- Susuki, Keiichiro;
- Chang, Kae-Jiun;
- Zollinger, Daniel R;
- Liu, Yanhong;
- Ogawa, Yasuhiro;
- Eshed-Eisenbach, Yael;
- Dours-Zimmermann, María T;
- Oses-Prieto, Juan A;
- Burlingame, Alma L;
- Seidenbecher, Constanze I;
- Zimmermann, Dieter R;
- Oohashi, Toshitaka;
- Peles, Elior;
- Rasband, Matthew N
Rapid action potential propagation in myelinated axons requires Na⁺ channel clustering at nodes of Ranvier. However, the mechanism of clustering at CNS nodes remains poorly understood. Here, we show that the assembly of nodes of Ranvier in the CNS involves three mechanisms: a glia-derived extracellular matrix (ECM) complex containing proteoglycans and adhesion molecules that cluster NF186, paranodal axoglial junctions that function as barriers to restrict the position of nodal proteins, and axonal cytoskeletal scaffolds (CSs) that stabilize nodal Na⁺ channels.
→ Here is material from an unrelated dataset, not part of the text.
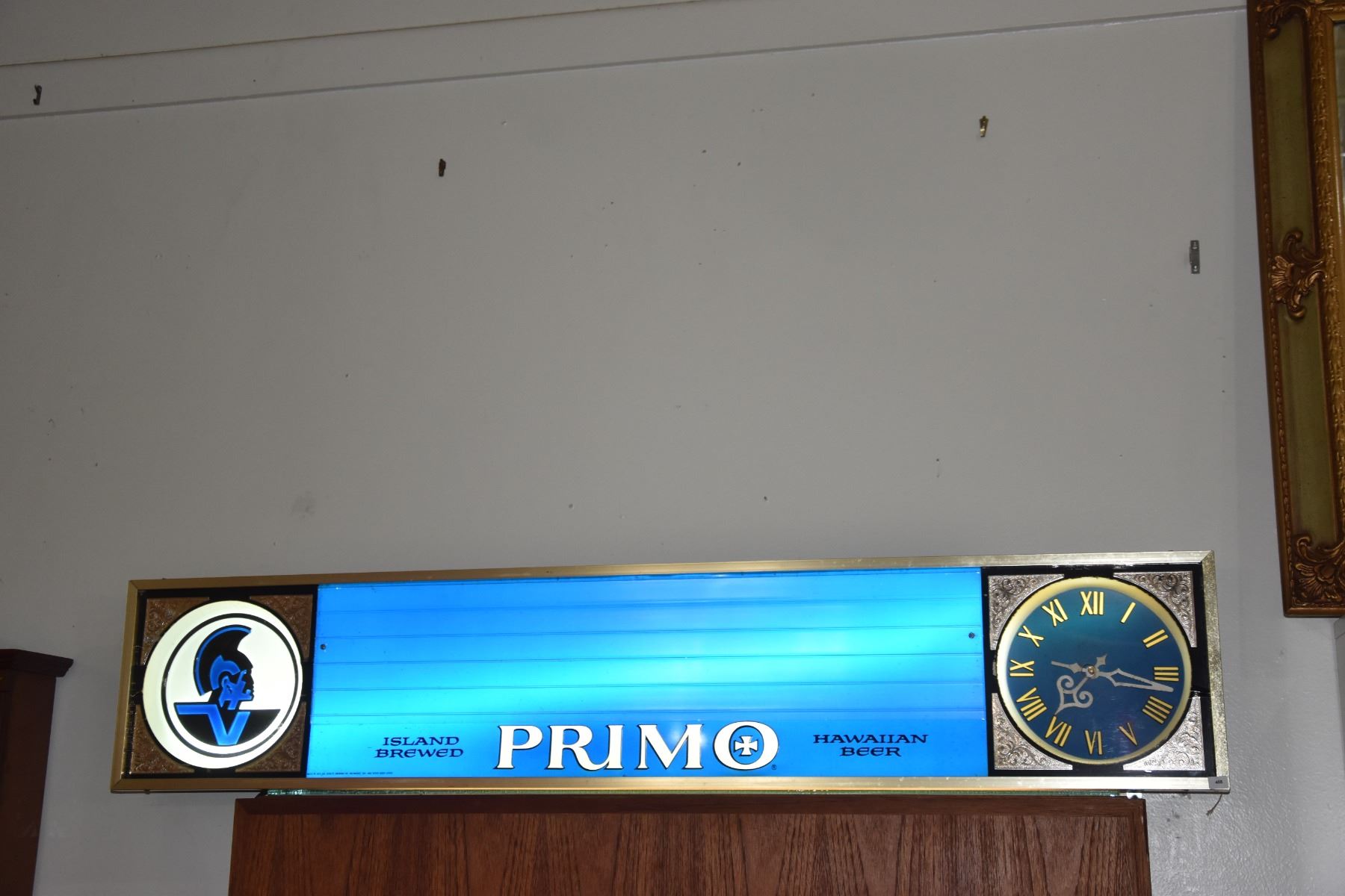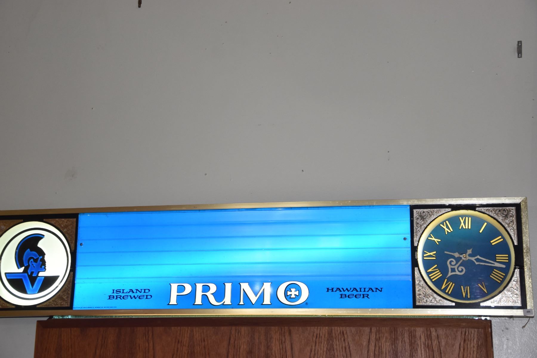 1970'S LIGHTED PRIMO SIGN W/CLOCK

We show that while mice with a single disrupted mechanism had mostly normal nodes, disruptions of the ECM and paranodal barrier, the ECM and CS, or the paranodal barrier and CS all lead to juvenile lethality, profound motor dysfunction, and significantly reduced Na⁺ channel clustering. Our results demonstrate that ECM, paranodal, and axonal cytoskeletal mechanisms ensure robust CNS nodal Na⁺ channel clustering.